Politiques publiques et évolutions réglementaires favorisent l’essor de la gestion ISR. Mais pour que l’offre rencontre la demande, pédagogie et accompagnement sont toujours plus que nécessaires.
« 2023 marque une bascule pour l’industrie de la gestion d’actifs en Europe », relève le dernier observatoire de la gestion ISR de Quantalys. Avec environ 4550 Md€ d’encours, les fonds ISR ont vu leur poids multiplié par 13 sur les 5 dernières années pour représenter, l’an dernier, près de la moitié du marché de la gestion en Europe. L’approche ESG infuse toutes les classes d’actifs, actions et obligations en tête. Sans surprise, le poids de la gestion passive croît aussi, avec 450 ETF ESG distribués fin 2023, soit 7 % de la gestion ISR. Une bascule que Quantalys attribue notamment aux politiques publiques visant à favoriser le fléchage des capitaux vers les besoins de financement en Europe pour accompagner les grandes mutations technologiques, démographiques et climatiques, mais aussi aux évolutions réglementaires ou encore à la prise de conscience des investisseurs pendant les différentes crises récentes. « Dans un environnement économique, financier et géopolitique peu prévisible, l’analyse extra-financière fait figure de boussole pour anticiper les risques et identifier les entreprises résilientes », appuie Simon Lolmede, fondateur du cabinet Origami Groupe. Néanmoins, après une année 2023 déjà très mitigée, les fonds ISR subissent depuis décembre d’importantes sorties nettes selon les données de Quantalys, et ce, à contre-courant des fonds non ESG. Et la conversion des clients privés à la finance responsable reste lente. Certes, l’accès aux fonds ISR est facilité par leur référencement croissant dans les contrats d’assurance-vie et les PER. Quantalys recense en moyenne 300 fonds ISR par contrat, soit 3 fois plus qu’en 2021. Mais les épargnants exprimant spontanément une volonté de durabilité dans leurs allocations restent minoritaires. D’ailleurs, selon une enquête AMF OpinionWay réalisée il y a un an, 72 % des sondés ne savent pas comment investir de façon responsable et durable. « Il y a toujours beaucoup de pédagogie à réaliser, qui plus est depuis l’intégration de critères extra-financiers dans le questionnaire client, pour expliquer ce que signifient la durabilité et ses différentes notions, souligne Simon Lolmede. Il faut aussi les éclairer sur la compatibilité entre performances financières et extra-financières. »

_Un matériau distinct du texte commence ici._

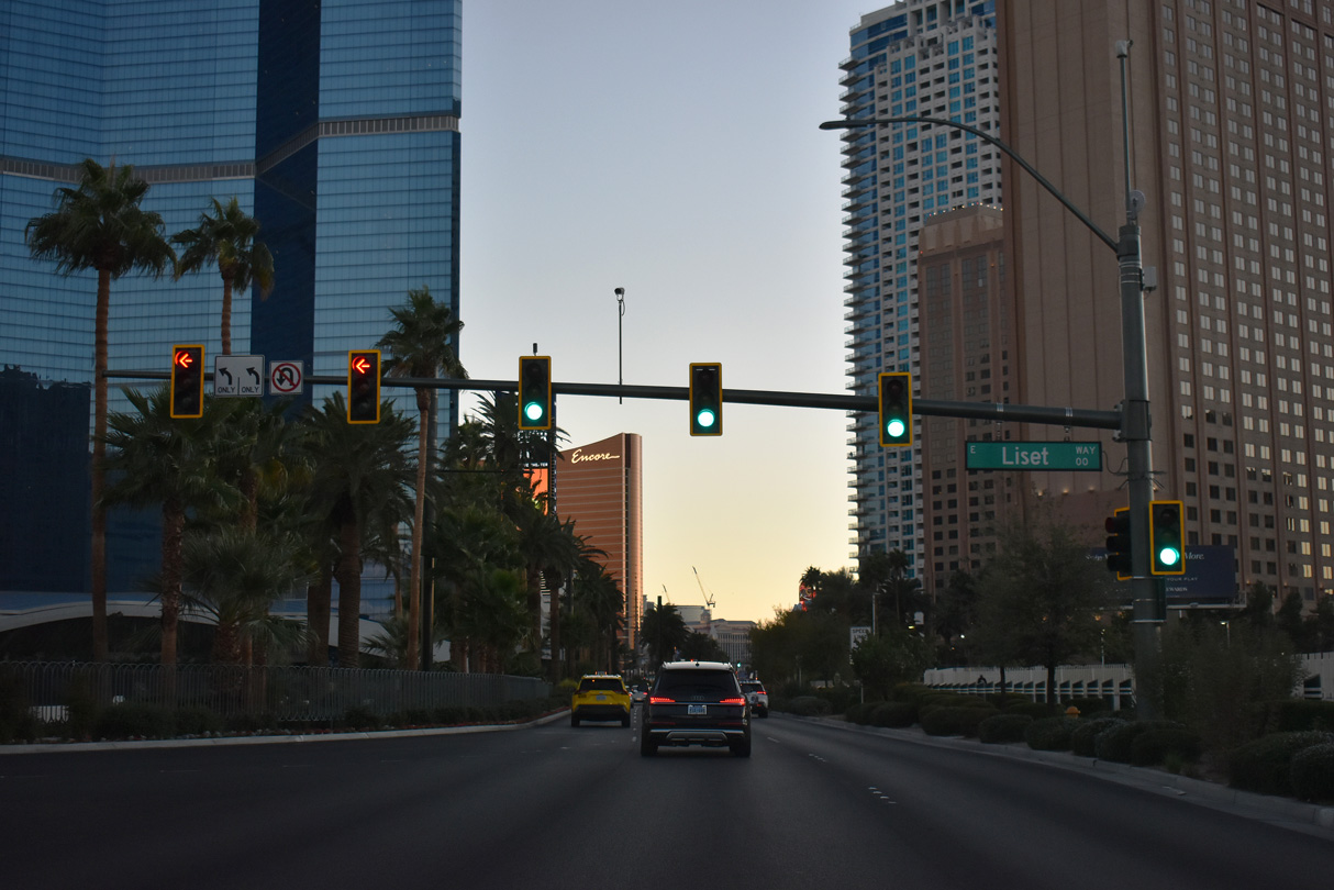 Traffic signals operate at Liset Way, the entrance to the Sahara Las Vegas hotel & casino. Previously named SLS Las Vegas, the casino was constructed at the site of the old Sahara Hotel. The Sahara closed on May 16, 2011.

Pour une meilleure compréhension, les professionnels appellent aussi de leurs vœux davantage de transparence, un accès à des données de qualité permettant de quantifier – selon des normes à établir – la durabilité, mais aussi une harmonisation réglementaire. De l’avis des professionnels, le nouveau référentiel du label ISR, par exemple, va dans le bon sens… sous réserve du bon déroulé des procédures de contrôle. Or, selon la dernière étude d’Epsor, 49 % des fonds labélisés fin 2023 ne respectaient pas les critères de la nouvelle version.
« Pour répondre aux enjeux de durabilité, la réglementation doit encore accélérer. Mais cela ne pourra pas se faire sans une bonne compréhension de ces règles par les CGP », ajoute Simon Lolmede. Depuis 18 mois, ceux ayant le statut CIF doivent déjà intégrer des critères de durabilité dans leurs questionnaires clients et proposer à ces derniers des produits en adéquation avec leurs préférences extra-financières… ce qui peut s’avérer complexe pour nombre d’entre eux. « Exclure les fonds classés article 6 SFDR est une première étape indispensable. Mais ensuite, analyser et sélectionner les fonds avec une approche ESG voire durable est extrêmement chronophage et coûteux. Les CGP ont donc besoin d’être accompagnés », insiste Simon Lolmede. C’est notamment l’une des missions des Acteurs de la Finance Responsable. De son côté, Epsor analyse annuellement depuis 4 ans, sur la base de données Morningstar, la composition des fonds actions domiciliés en France (861 dans la dernière mouture) avec le calcul d’un score impact exprimant leur engagement en faveur de la transition écologique, et, à la clé, le Top 25 des fonds les plus engagés. Les membres de la CNCGP peuvent, de leur côté, désormais s’appuyer sur le guide pratique sur la durabilité que l’association professionnelle vient de publier, en complément des actions et formations déployées depuis 2022.